Visit the software’s official website to find a list of the language models it supports. Just be aware that the larger a model is, the more intensive it will be on the Raspberry Pi. For example, the TinyLlama AI model will run significantly better than the heavy Llama3.

Additionally, you will get a significantly better experience using a Raspberry Pi 5 with 8GB of memory. Processing language models quickly chew up the processing power and memory of the Pi.

Equipment

Below is a list of equipment we used when installing and running Ollama on our Raspberry Pi.

Recommended

Optional

We last tested this tutorial on a Raspberry Pi 5 running the latest version of Raspberry Pi OS Bookworm.

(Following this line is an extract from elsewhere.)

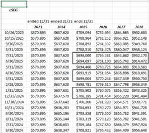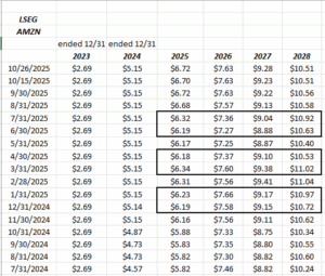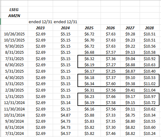 The rows for both Amazon’s consensus EPS and revenue estimates, show the change after the quarterly reports in March, April ’25, and then June, July ’25. We’ll have to wait until this week is done to see what October 31 metrics hold.

Installing Ollama on your Raspberry Pi

This section will show you the super simple steps to install Ollama on your Raspberry Pi. This process is made simple thanks to Ollama’s script, which handles almost all of the work for us.

Preparing your System for Ollama

1. Before we install Ollama, you must ensure your Raspberry Pi’s operating system is up to date.

You can update your packages to the latest version by running the command below.

sudo apt update
sudo apt upgrade

2. For our next step, we need to ensure that the curl package is installed. Typically, this comes bundled with Raspberry Pi, but it doesn’t hurt to verify it is installed.

You can ensure curl is installed on your Pi by running the command below.

sudo apt install curl

Running the Ollama Installer on your Raspberry Pi

3. With our Raspberry Pi ready, we can move on to running the Ollama installer.

Installing Ollama on your Pi is as simple as running the following command within the terminal.  This command will download the “install.sh” script from Ollama and pass it directly to bash.

curl -fsSL https://ollama.com/install.sh | sh

Running scripts like this is typically considered bad practice without first verifying the contents of the script. You can view the code in this script by going directly to it in your favorite web browser

4. Using the command below, we can verify that we just successfully installed Ollama on our Raspberry Pi.

This command gets Ollama to output its version to the terminal.

ollama --version

Below you can see that we have the software installed and are currently running version 0.1.32.

ollama version is 0.1.32

How to use Ollama on your Raspberry Pi

In this section, we will be showing you how you can use Ollama on your Raspberry Pi to run some of the various language models that it supports.

In particular, we will be testing the Phi3, TinyLlama and Llama3 models on our Raspberry Pi. The first two of these are meant to be lightweight models, the last one however is not.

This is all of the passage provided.